Building ePub with PHP and Markdown

Vito Tardia
Share

The ePub format is a publishing standard built on top of XHTML, CSS, XML and more. And since PHP is well suited for working with HTML and friends, why not use it to build ebooks? In this article we’ll see what goes into building a tool for creating ePub packages starting from a set of content files. Maybe it’s your next best selling cyber-sci-fi novel or documentation for your latest code project… because we all write good documentation for our projects, don’t we?

In order to make things easy on the writers, our tool will be able to parse the Markdown syntax and the resulting markup will be placed into HTML templates using the RainTPL library.
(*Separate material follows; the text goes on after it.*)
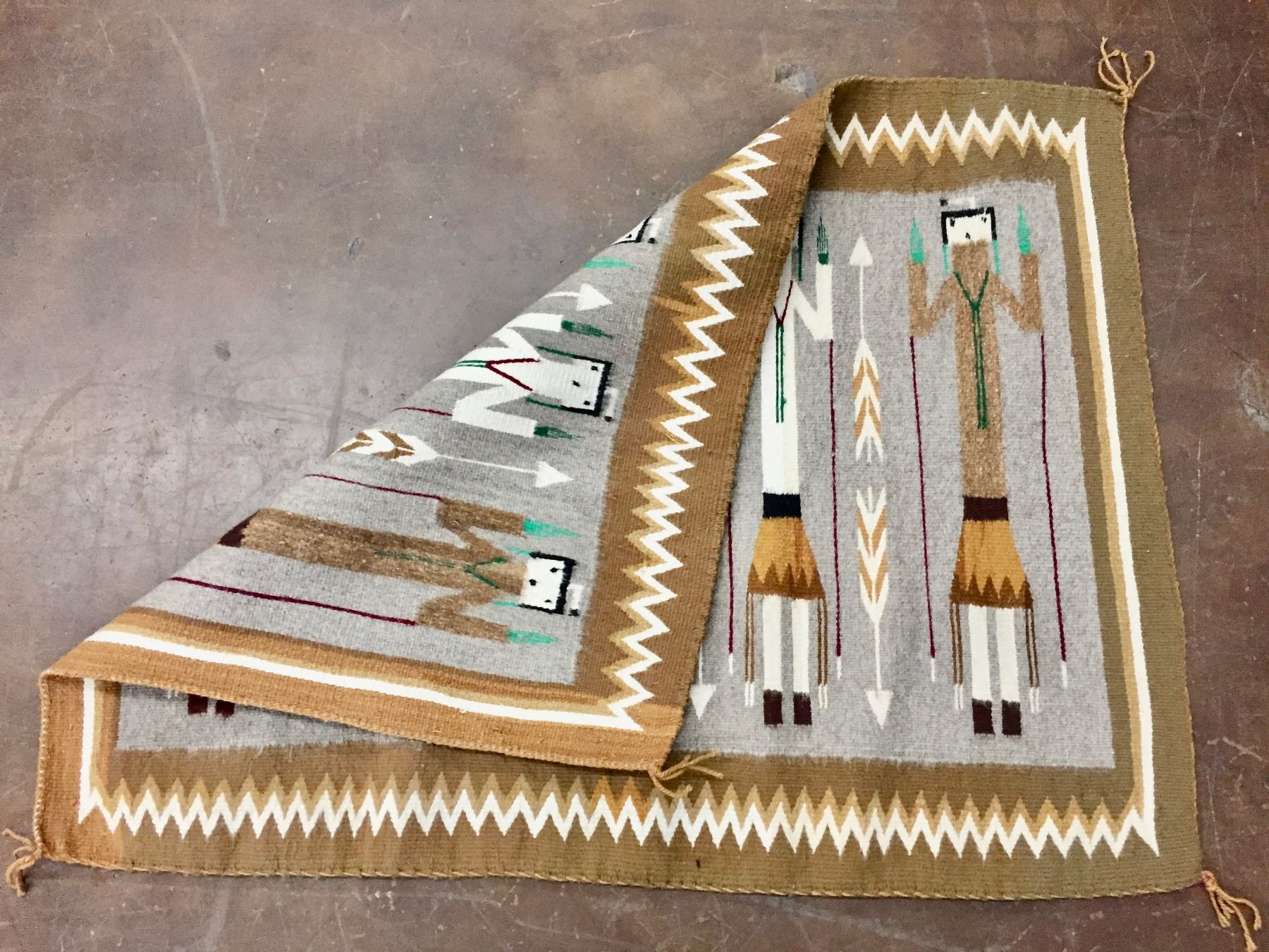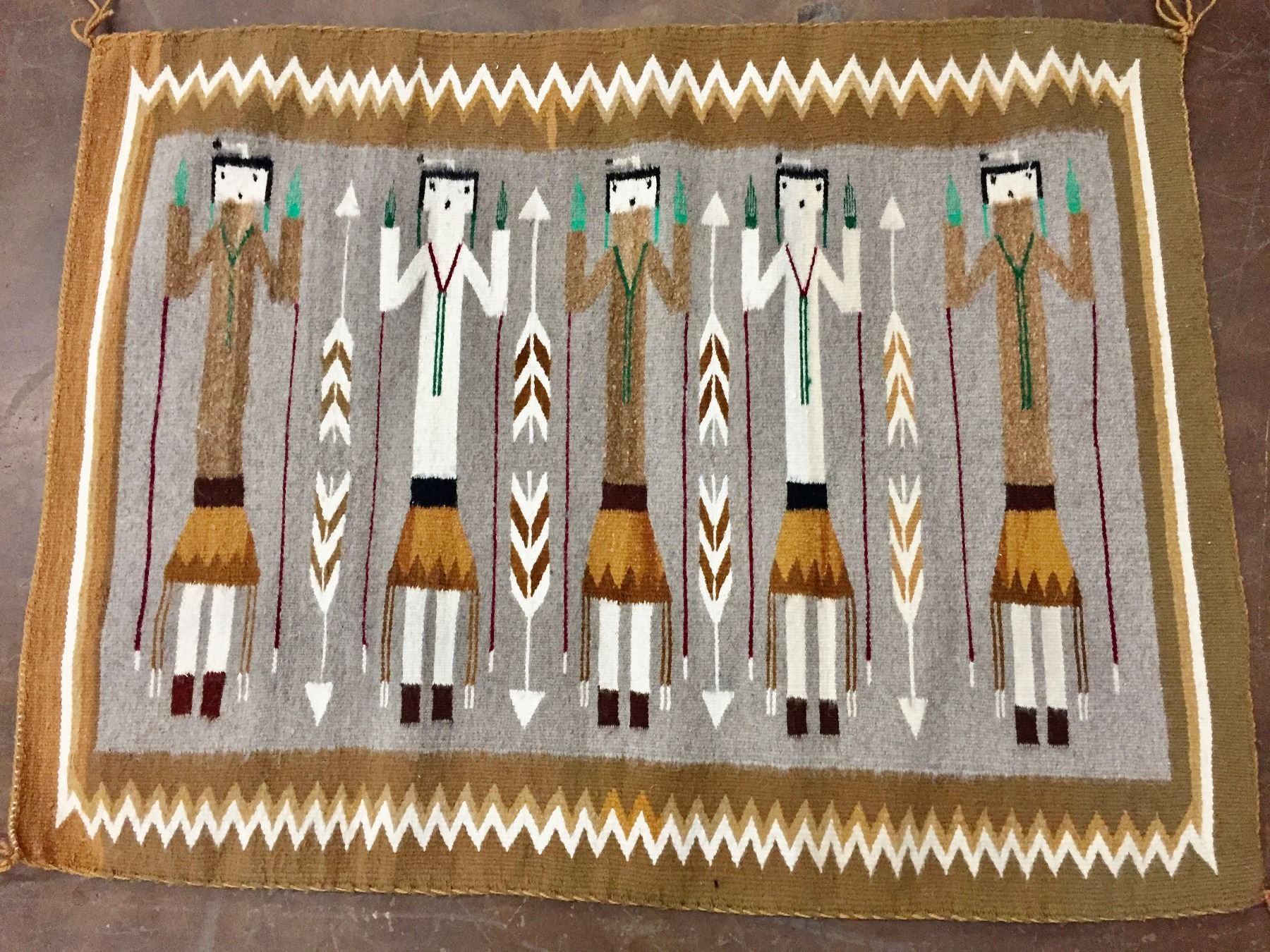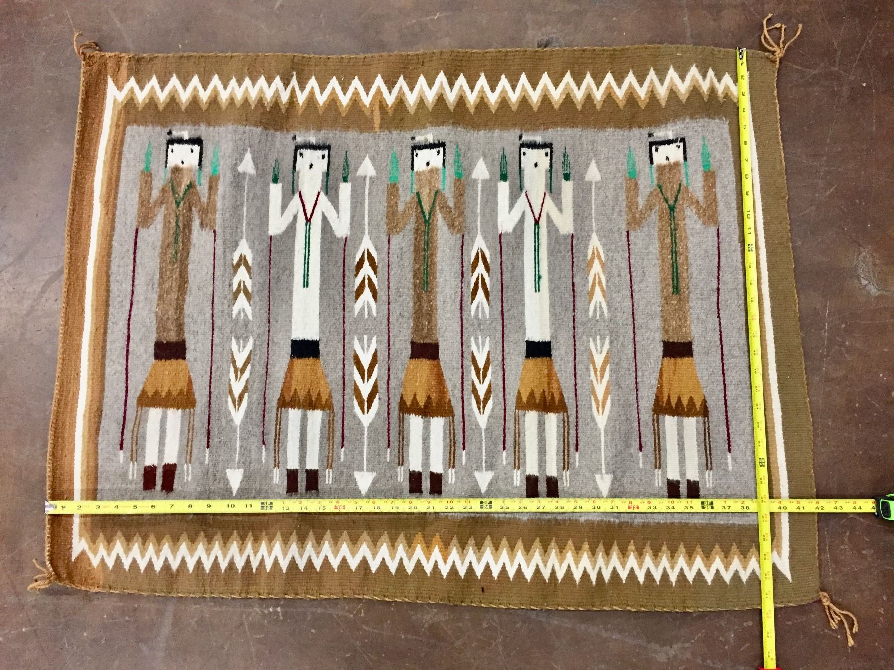 Description: Offered in this lot is a nice Yeibichai Navajo Textile featuring five figures in whites, tans, browns, grays, greens, blacks and reds.

The sample tool I wrote for this article is named md2epub and has become a real open source project on Github. It’s far from perfect at the moment, but feel free to fork and improve it!

Quick Start ePub Theory

The specifications for the ePub format are detailed by the IDPF (International Digital Publishing Forum), and we’ll refer to version 2.0.1 of the specs which is the most widely used today. Other useful resources are the Wikipedia ePub Page and the Epub Format Construction Guide by Harrison Ainsworth.
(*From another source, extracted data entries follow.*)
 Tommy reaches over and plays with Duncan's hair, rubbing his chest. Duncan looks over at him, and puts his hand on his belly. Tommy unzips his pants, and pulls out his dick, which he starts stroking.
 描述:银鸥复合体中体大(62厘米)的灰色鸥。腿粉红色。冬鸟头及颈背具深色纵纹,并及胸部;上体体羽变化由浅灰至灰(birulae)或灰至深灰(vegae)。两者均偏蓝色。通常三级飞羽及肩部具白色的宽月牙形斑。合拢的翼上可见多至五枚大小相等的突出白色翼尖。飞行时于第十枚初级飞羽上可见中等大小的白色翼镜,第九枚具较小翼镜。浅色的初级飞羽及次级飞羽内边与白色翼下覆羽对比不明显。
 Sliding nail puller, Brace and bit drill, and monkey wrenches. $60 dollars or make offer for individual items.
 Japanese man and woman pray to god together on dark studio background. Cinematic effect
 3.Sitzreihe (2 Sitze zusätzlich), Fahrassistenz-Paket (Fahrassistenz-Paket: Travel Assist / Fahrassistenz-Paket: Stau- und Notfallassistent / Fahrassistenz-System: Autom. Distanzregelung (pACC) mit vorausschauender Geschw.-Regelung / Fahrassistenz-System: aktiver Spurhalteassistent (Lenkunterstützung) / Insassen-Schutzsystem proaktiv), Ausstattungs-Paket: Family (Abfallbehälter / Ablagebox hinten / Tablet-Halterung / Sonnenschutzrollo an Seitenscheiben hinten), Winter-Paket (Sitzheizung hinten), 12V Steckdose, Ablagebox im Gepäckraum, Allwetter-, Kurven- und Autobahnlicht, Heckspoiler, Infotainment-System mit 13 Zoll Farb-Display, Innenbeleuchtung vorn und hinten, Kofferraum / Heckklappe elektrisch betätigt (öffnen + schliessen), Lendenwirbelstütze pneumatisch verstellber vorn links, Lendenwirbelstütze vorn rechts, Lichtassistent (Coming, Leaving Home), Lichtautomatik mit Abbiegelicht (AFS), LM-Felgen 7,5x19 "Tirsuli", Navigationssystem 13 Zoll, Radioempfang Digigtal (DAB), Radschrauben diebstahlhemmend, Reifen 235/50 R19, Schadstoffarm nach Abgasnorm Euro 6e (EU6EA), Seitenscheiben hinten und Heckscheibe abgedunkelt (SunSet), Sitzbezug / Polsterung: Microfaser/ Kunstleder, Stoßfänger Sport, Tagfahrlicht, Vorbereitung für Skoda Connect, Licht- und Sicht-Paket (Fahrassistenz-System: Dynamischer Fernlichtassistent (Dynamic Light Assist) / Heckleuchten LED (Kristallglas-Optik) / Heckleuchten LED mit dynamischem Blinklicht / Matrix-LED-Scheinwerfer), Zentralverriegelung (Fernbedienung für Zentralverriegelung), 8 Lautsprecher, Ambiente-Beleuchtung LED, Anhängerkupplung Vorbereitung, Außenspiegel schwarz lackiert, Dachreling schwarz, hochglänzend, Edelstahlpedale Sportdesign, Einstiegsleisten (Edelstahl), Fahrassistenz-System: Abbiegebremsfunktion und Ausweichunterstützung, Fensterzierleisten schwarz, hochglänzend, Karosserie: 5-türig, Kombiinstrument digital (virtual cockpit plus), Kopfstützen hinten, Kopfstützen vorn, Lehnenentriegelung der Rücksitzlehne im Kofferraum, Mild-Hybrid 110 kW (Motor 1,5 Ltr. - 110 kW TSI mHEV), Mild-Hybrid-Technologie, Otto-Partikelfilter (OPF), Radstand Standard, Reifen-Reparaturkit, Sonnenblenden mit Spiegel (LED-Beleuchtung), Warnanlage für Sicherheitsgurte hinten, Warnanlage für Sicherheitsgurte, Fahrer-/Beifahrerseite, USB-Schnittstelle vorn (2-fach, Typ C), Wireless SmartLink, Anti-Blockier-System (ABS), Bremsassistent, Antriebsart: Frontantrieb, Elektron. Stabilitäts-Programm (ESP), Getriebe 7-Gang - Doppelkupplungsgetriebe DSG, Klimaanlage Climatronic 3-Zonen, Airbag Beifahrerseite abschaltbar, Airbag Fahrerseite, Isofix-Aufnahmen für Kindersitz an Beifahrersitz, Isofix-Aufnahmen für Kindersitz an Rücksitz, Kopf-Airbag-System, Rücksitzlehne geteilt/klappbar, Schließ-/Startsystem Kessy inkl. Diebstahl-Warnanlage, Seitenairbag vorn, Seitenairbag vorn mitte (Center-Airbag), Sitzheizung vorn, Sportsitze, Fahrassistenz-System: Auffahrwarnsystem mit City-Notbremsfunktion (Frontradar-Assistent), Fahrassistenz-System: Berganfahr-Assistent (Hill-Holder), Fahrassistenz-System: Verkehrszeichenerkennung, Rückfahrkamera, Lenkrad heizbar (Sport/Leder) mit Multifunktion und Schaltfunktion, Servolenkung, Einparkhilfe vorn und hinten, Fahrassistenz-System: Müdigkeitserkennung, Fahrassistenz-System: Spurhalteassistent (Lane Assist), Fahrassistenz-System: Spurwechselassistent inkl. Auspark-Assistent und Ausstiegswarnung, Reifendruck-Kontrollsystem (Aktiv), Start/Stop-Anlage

Basically, an ePub book is a zipped archive with a well defined structure. The contents includes XHTML documents, CSS stylesheets, images (GIFs, JPEGs, PNGs, and SVGs), and Open Type fonts. There are other specific files used to describe the content of the book; these are the package and container files:

myBook/
    META-INF/
        container.xml
    mimetype
    content.opf
    toc.ncx
    Stylesheet.css
    BookCover.jpg
    HomePage.xhtml
    Chapter1.xhtml
    ...
    ChapterN.xhtml
    Index.xhtml

The first four files are specific for the ePub package, the others are our content. The mimetype file must contain application/epub+zip in ASCII without an end-of-line character. It must be the first file included in the archive and must not be compressed; we cannot do this with PHP, but I’ll show you a work-around for this later.

The file META-INF/container.xml is fixed in name and location. The scope of this file is to tell where the OPF file (usually content.opf) is located relative to the ebook’s root directory.

content.opf is an XML file that contains the book’s meta data, the references to all the content resources, and the the order in which the contents must be loaded by the reader application.

The toc.ncx file is an optional but recommended XML navigation map of the ebook.

There are also other optional files that are not taken in consideration for now. And I won’t tell you how to add DRM, sorry.

Our First eBook

So how do we prepare our content for ePub-lishing? I’ve set up a test book directory like this:

mybook/
    01-first-chapter.md
    02-second-chapter.md
    book.json
    cover.jpg
    coverpage.md
    index.md
    style.css
    titlepage.md
    media/
        *.jpg

Most of the files are content files for the publication, markdown text and images. We then have a style.css file (the name and position should be fixed for now). Keep in mind that the ePub format understands only a subset of the CSS 2.1 specs.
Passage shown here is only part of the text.